What in the hell was Bob Propst thinking? It's a reasonable question to ask as you survey the cramped confines of your standard-issue corporate cubicle and bathe in the dull glow of overhead fluorescent lights, all the while trying to ignore the sound of your colleagues' clipping their fingernails or blathering away on a speakerphone.
Propst is the guy who, three decades ago, dreamed up these modular boxes for furniture giant Herman Miller. As he envisioned it, the system of wafer-thin, movable walls would be a revolutionary tool that would break down rigid hierarchies, spur creativity and free work spaces from the shackles of uniformity. Unfortunately, he didn't count on the square-foot police. Those Fortune 500 facility managers arrested his innovation and reformed it into an impersonal, white-collar assembly line, one that can make a genuine gearhead long for the good, old days of windowless offices and rotary phones.

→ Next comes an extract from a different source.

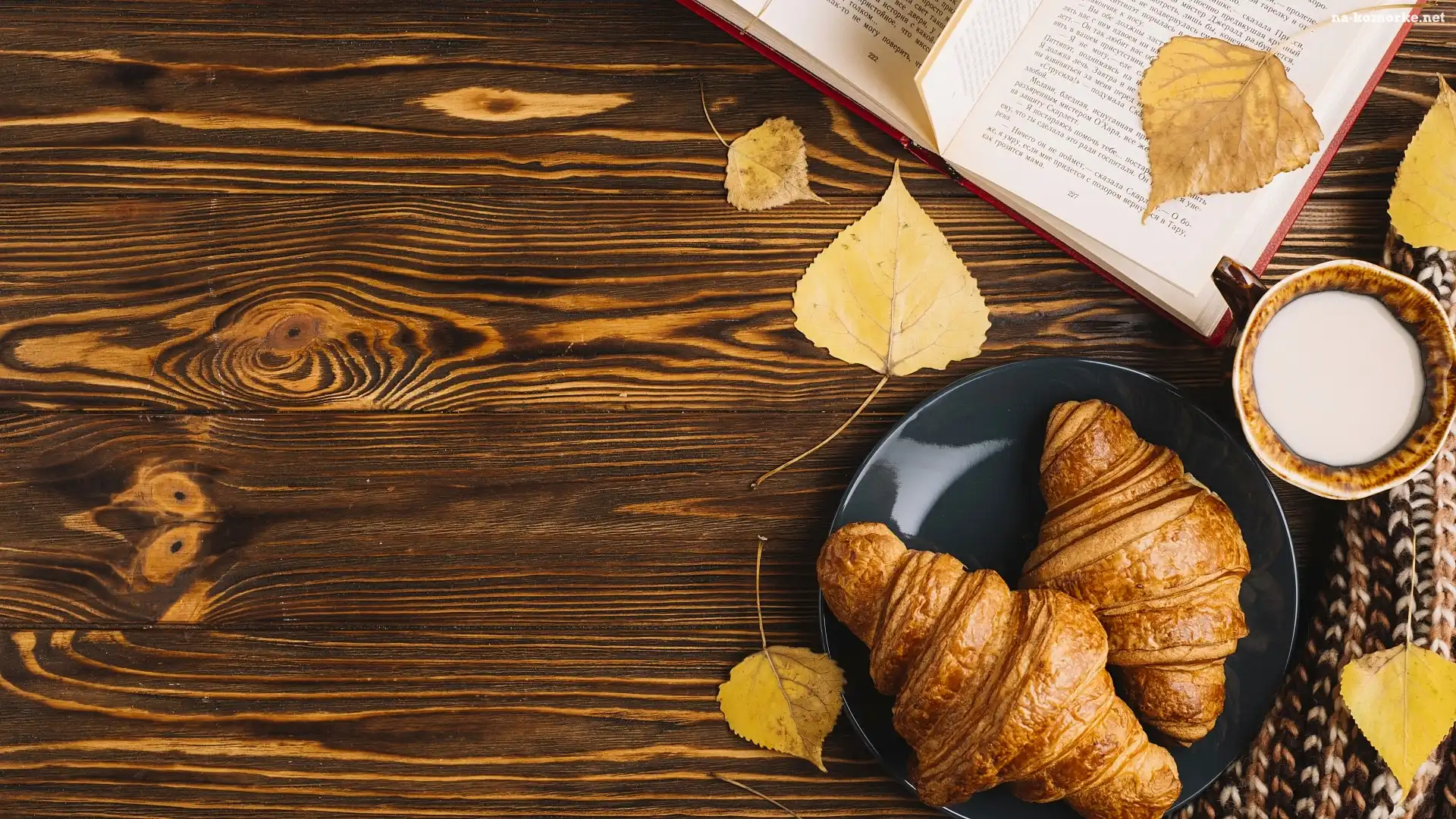 Kubek, Rogaliki, Szalik, Mleka, Deski, Croissanty, Książka, Talerz, Liście na Komórkę

With that record of innovation, workers are a bit skeptical about the office of the future. What will the geniuses in real estate come up with in the next quarter-century? If current trends are any indication, hide. Consider "hoteling," the latest workplace experiment, which treats employees as though they were visiting nomads who are assigned a phone and portable desk by a concierge. Or perhaps the "head cubicle," as imagined by Dilbert creator Scott Adams, a square helmet that will let ceos "stack us up like firewood in a warehouse on the outskirts of town, where rents are low."
Millions of telecommuters, of course, don't intend to wait for such an outcome. They have already set up quarters wherever they set down their laptops. "Today's office is an aging concept, 150 years old, that people have been hanging on to," argues Stevan Alburty, who runs WorkVirtual, an office-consulting shop. It's only a matter of time, telecommuting true believers claim, before city skyscrapers and suburban office parks are abandoned altogether, left as archaeological curiosities for future generations.
Well, don't start your dig just yet. PCs may be great for solitary pursuits, composing Powerpoint presentations or writing. But as long as co-workers need to brainstorm, bat around ideas and just plain gossip, they will always return to the water cooler, choosing a little face-to-face time over e-mail and the Web. Says Christine Albertini, vice president of advanced concepts at office-furniture maker Steelcase: "The basic nature of work is social."
Clueless corporations, which have typically approached the office as a storage site for people and paper, are only just starting to think outside the cubicle, imagining work spaces that foster interaction, not isolation. By 2025, though, the standard-issue, gloomy maze of hallways and bullpens of today may well be replacedonce they have been fully depreciated, that isby a wide range of office setups that, just like the new economy, stress customization over mass appeal. In this newfangled, dynamic working environment, employees should be able to personalize their work spaces and constantly reconfigure their surroundings to suit the changing needs of business.